Like the Internet itself, the software and hardware used to deliver Internet Protocol television services run on a standard underlying network — otherwise, though, IPTV products don’t have to follow any particular rules.
“The beauty of IPTV is that it’s based on an open network,” said Roy Kirsopp, vice president and general manager of Amino Communications, an IPTV set-top box developer in Cambridge, U.K. “But that means, effectively, that you have to do a custom implementation for each customer.”
Amino’s set-tops have been deployed by 85 providers worldwide. Not one of them, Kirsopp said, uses the same combination of infrastructure components.
A NEED FOR ORDER
Now there’s talk that several big telcos are considering forming a body akin to the cable industry’s CableLabs to direct IPTV standardization and impose some order on technology suppliers.

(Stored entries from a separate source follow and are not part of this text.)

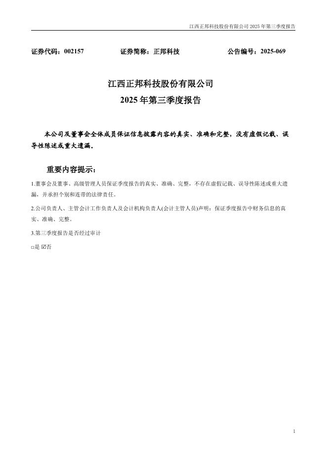 002157-正邦科技:2025年三季度报告.pdf
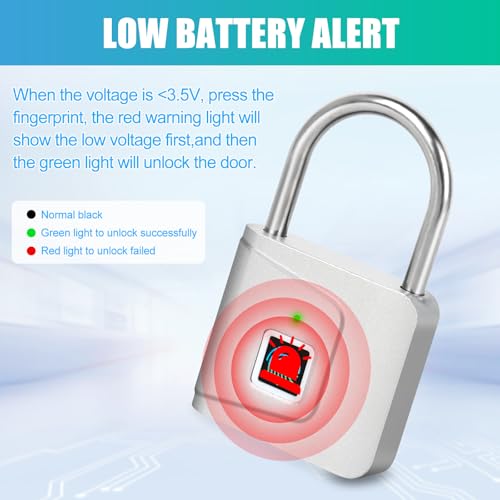 - USB charging function: fingerprint lock has lower power consumption, supports 4000 hours standby time and can be unlocked more than 1800 times. Padlock fingerprint products contain low battery reminders, and a red warning light will light up, fingerprint padlock when you press your fingerprint, which is a thoughtful reminder, so you don't have to worry about suddenly running out of battery.
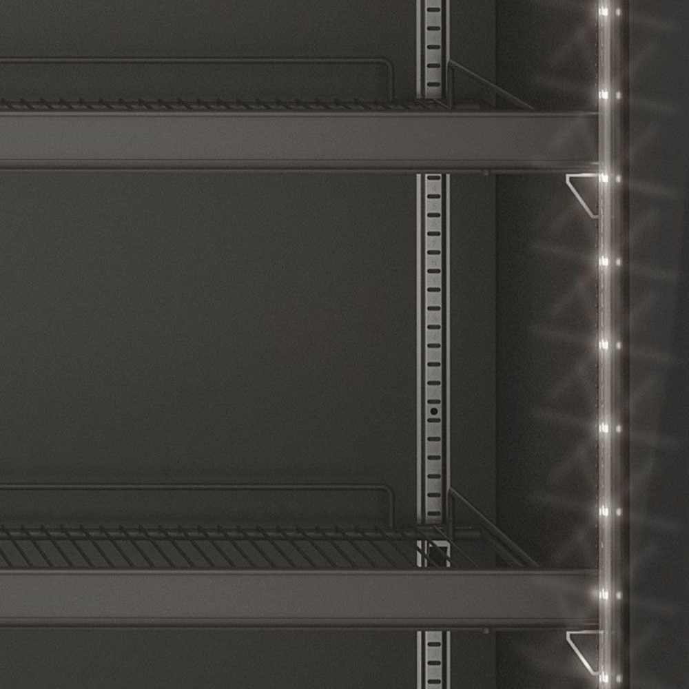 Por possuir Vidros Duplos Temperados de Baixa Emissividade, este modelo oferece uma excelente manutenção térmica e eficiência energética, sendo perfeito para locais que buscam reduzir o consumo de eletricidade sem abrir mão de uma vitrine sempre nítida. O conceito Carbon cria um fundo infinito preto que, aliado à iluminação em LED, faz com que os rótulos dos produtos se destaquem com um contraste vibrante, incentivando a compra por impulso.
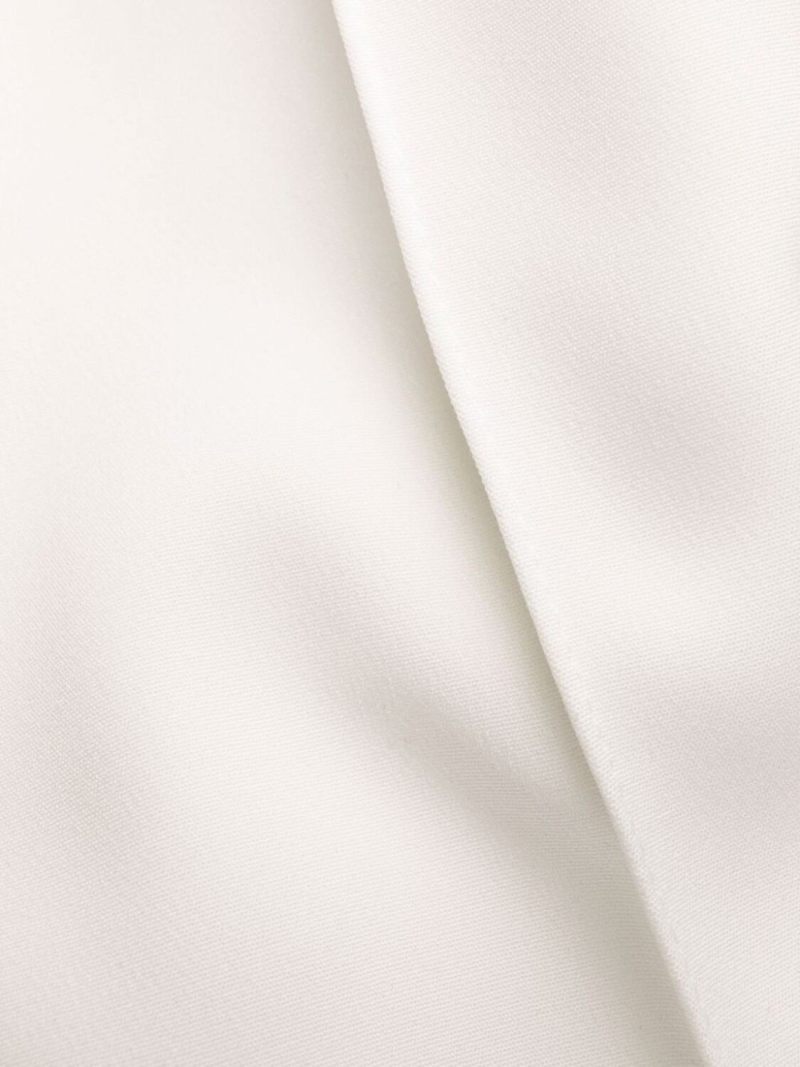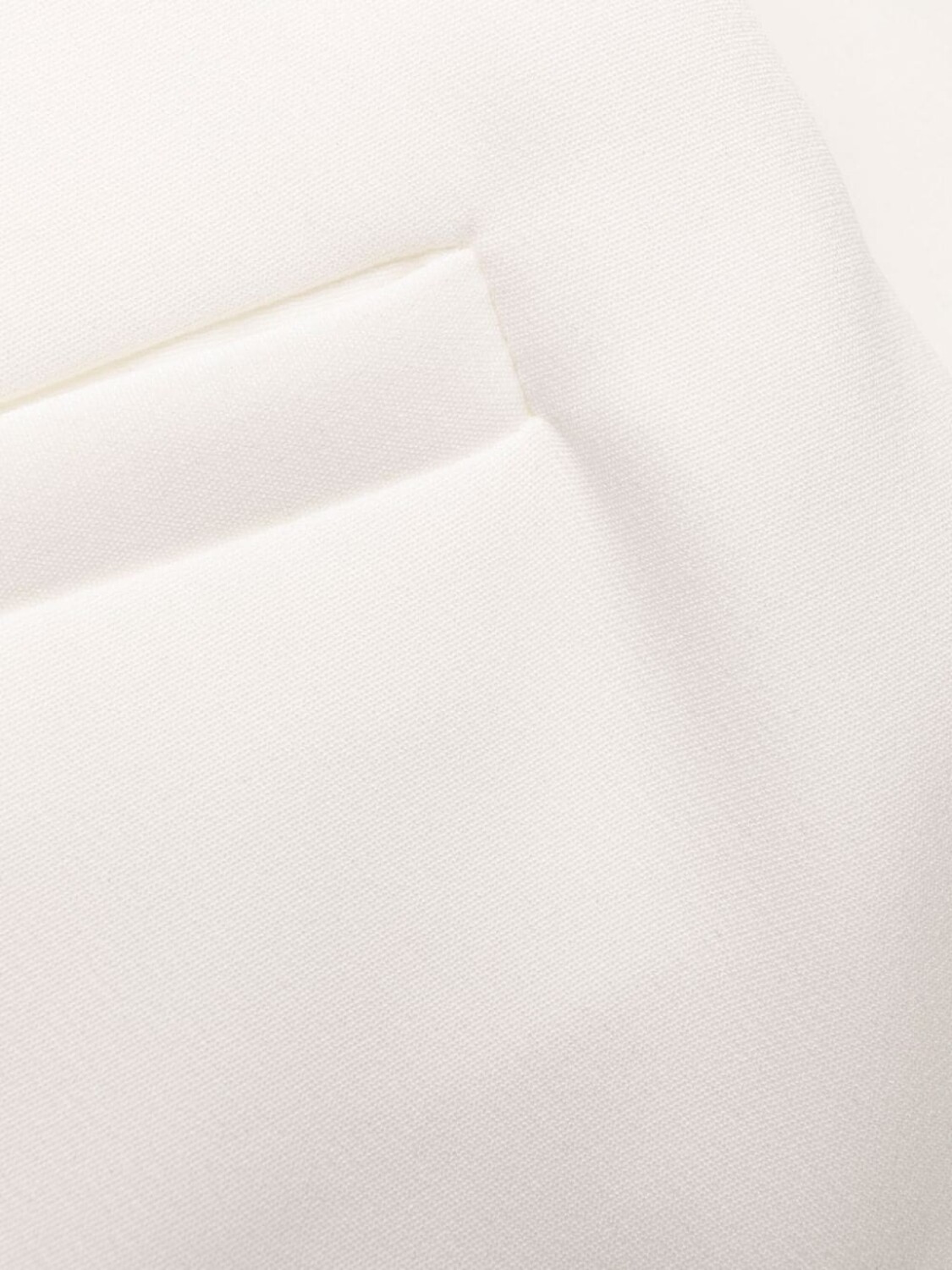 Завышенная талия, разрез, петли для ремня и застежка на пуговицах спереди. Цвет: белый.
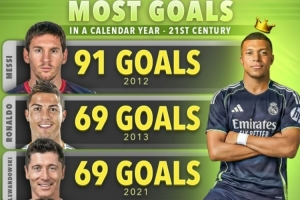 全文摘要:Score90盘点了21世纪以来单一自然年进球榜。梅西以2012年的91球高居榜首。C罗多次上榜,2013年与莱万并列69球位居次席,2014年以63球排第四,2012年以61球列第五。姆巴佩以2025年的60球排名第六。
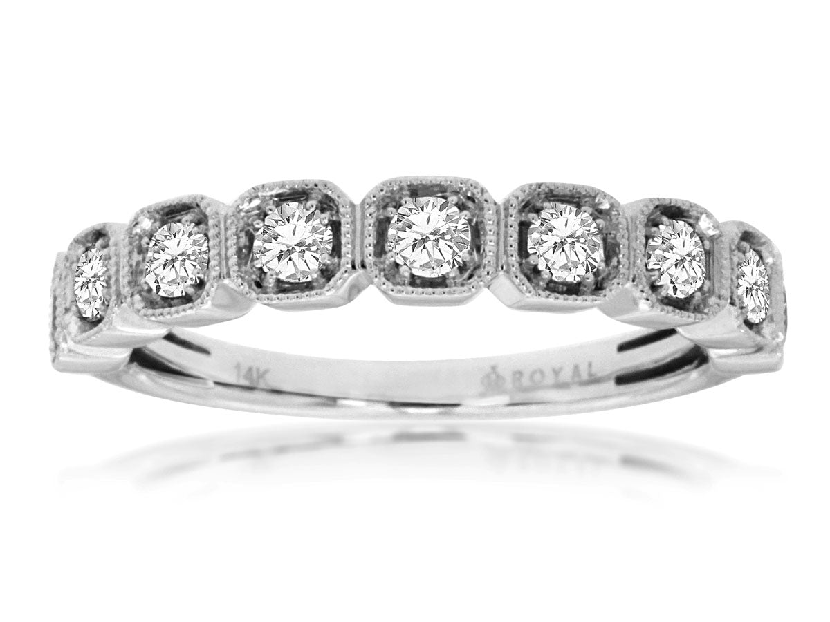 14K White Gold Illusion Bezel Set Diamond Wedding Band
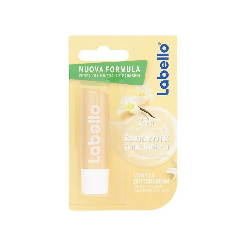 Balsamo labbra. Delizia le labbra con un dolce aroma di vaniglia con Labello. La sua formula senza oli minerali, paraffine e parabeni è arricchita con oli naturali. La sua formula piacevolmente morbida si fonde istantaneamente con le labbra, per donare un'idratazione intensa e duratura per 24 ore clinicamente testata.
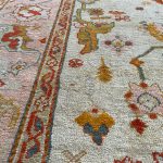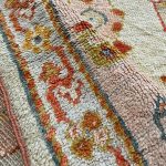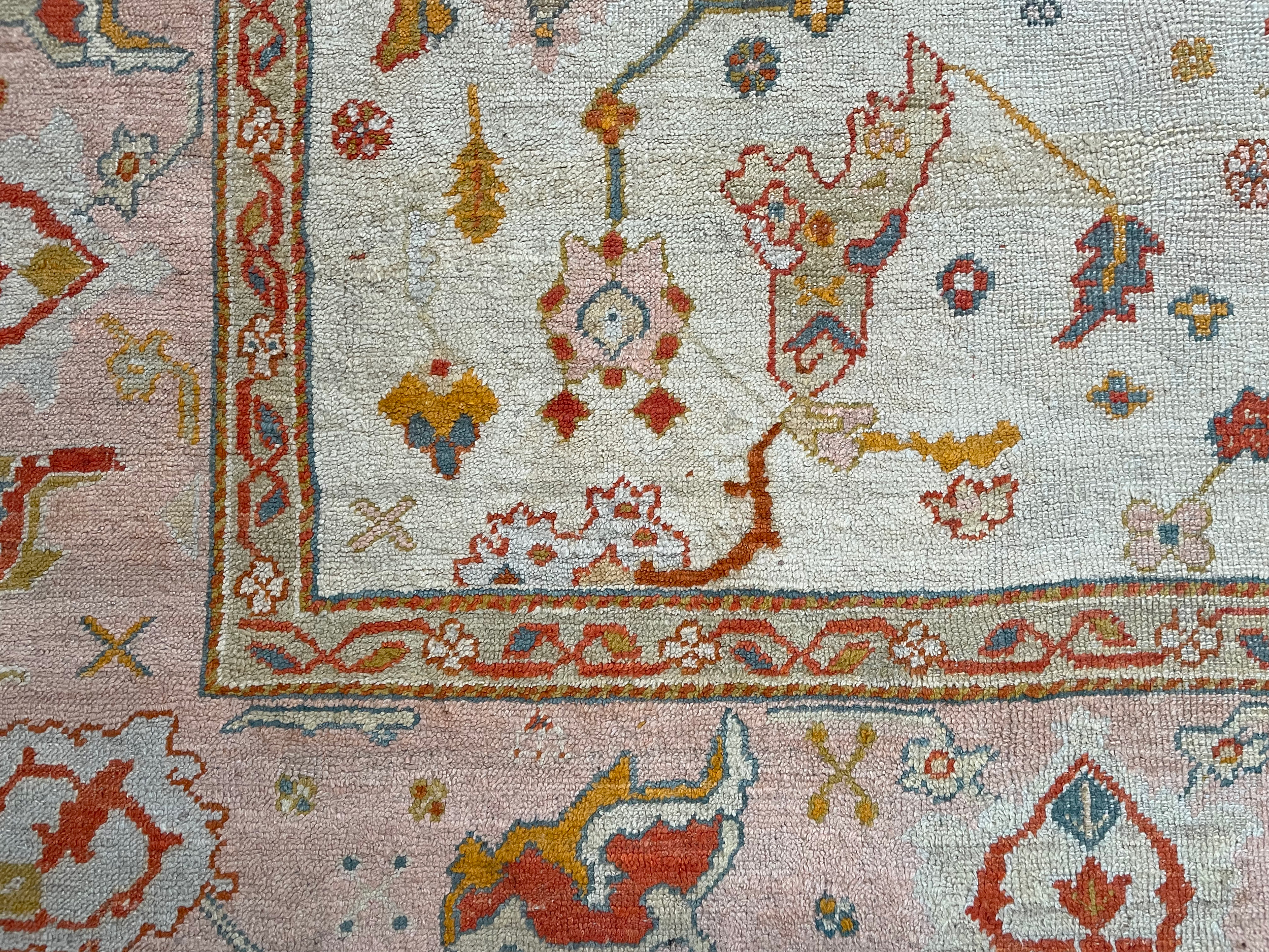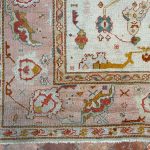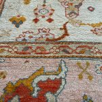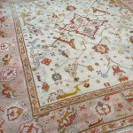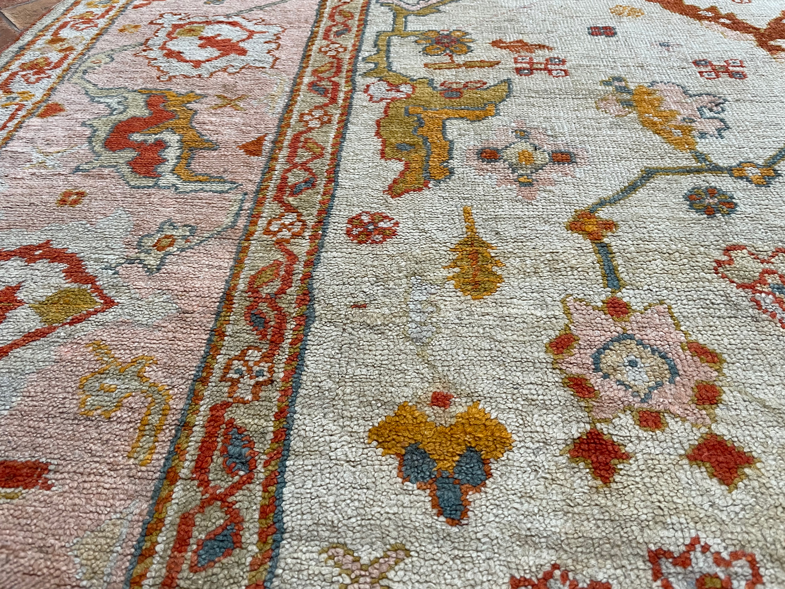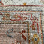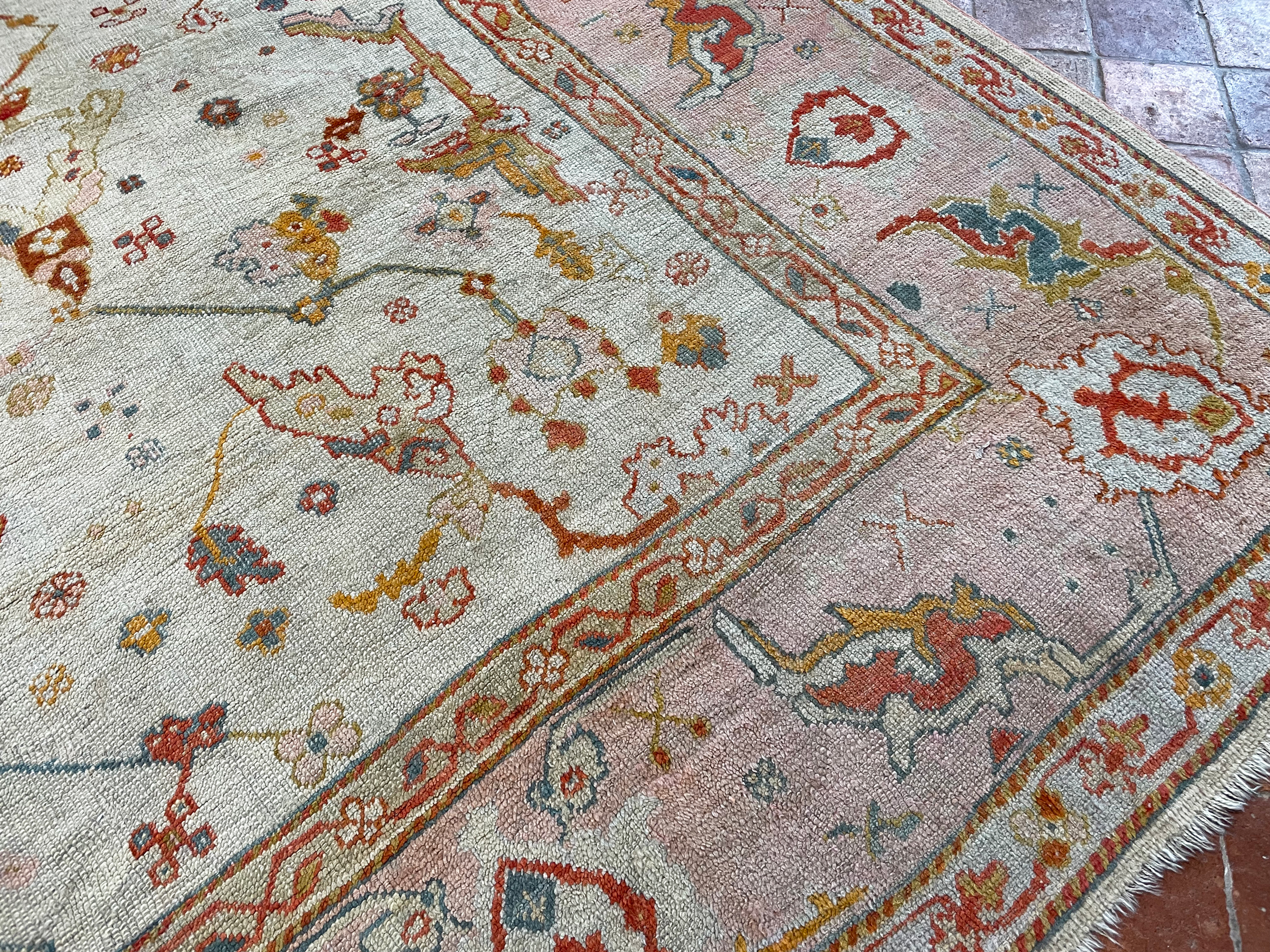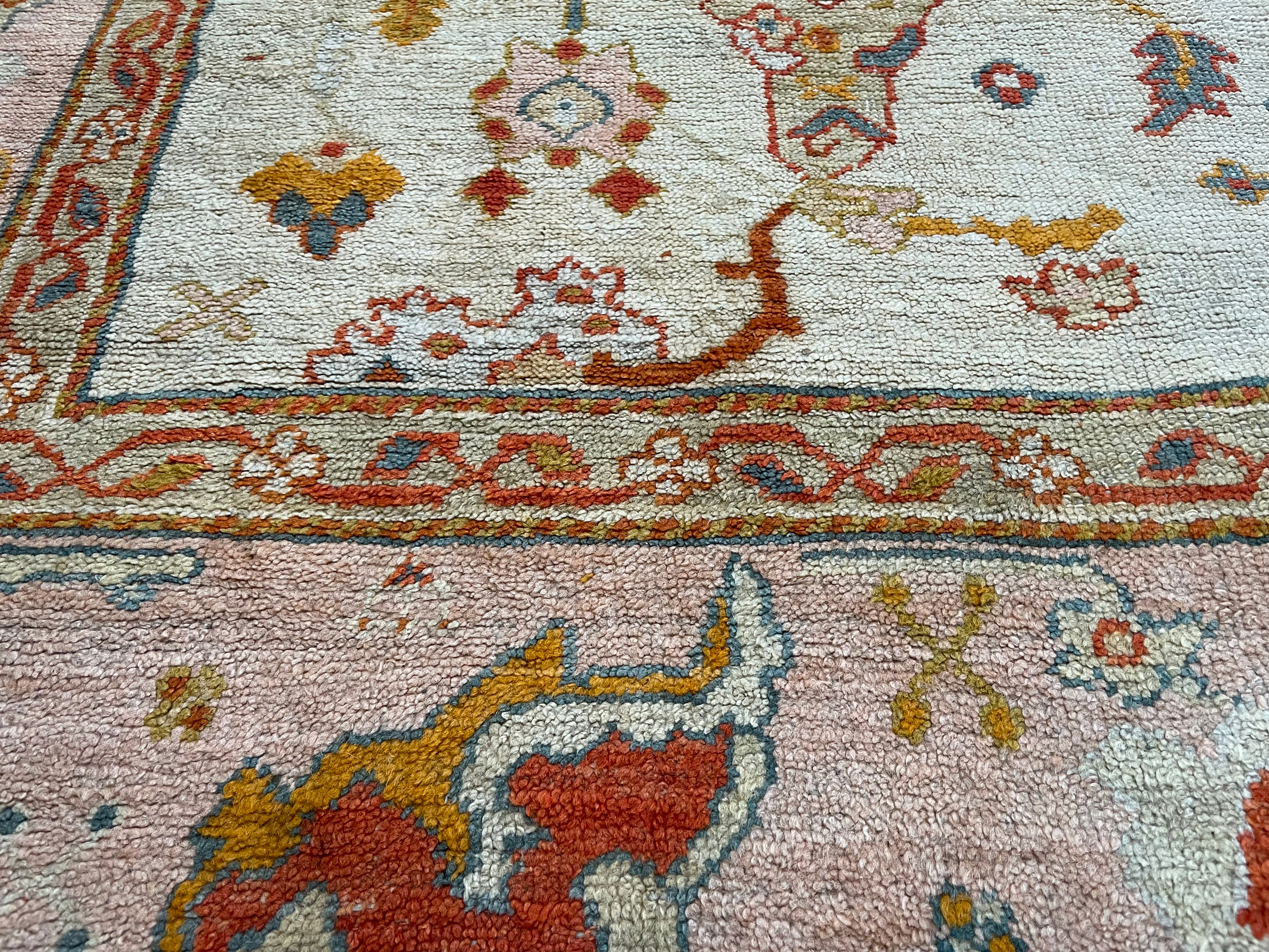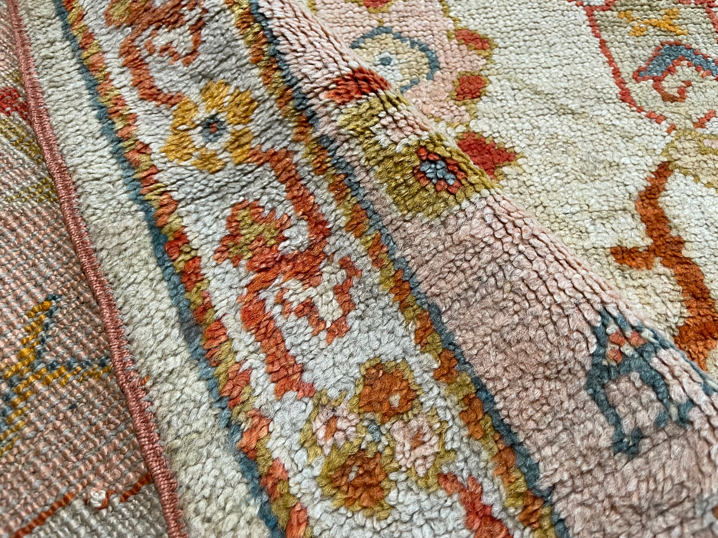 Often younger Ushaks or Oushaks will be rich red in colour and use bolder geometric designs. This Anatolian carpet has an almost contemporary feel to it and would work in a modern space as well as traditional. We clean every carpet before offering it for sale and make sure the ends and fringes are secured. A decorative subtle piece ideal for a soft scheme.

AT&T, BellSouth, Verizon Communications and the United Kingdom’s BT earlier this year formed an ad hoc group to set interface standards for IPTV devices, according to an executive at a video-processing-gear company — adding that the effort could, at some point, encompass a CableLabs-like mission of testing and certifying products.
On another front, AT&T this summer initiated a meeting of service providers to try to agree on a common format for video-on-demand metadata, said an executive with a company that provides services to IPTV operators. “It was the first time we all got into the same room to talk about these kinds of issues,” the executive said.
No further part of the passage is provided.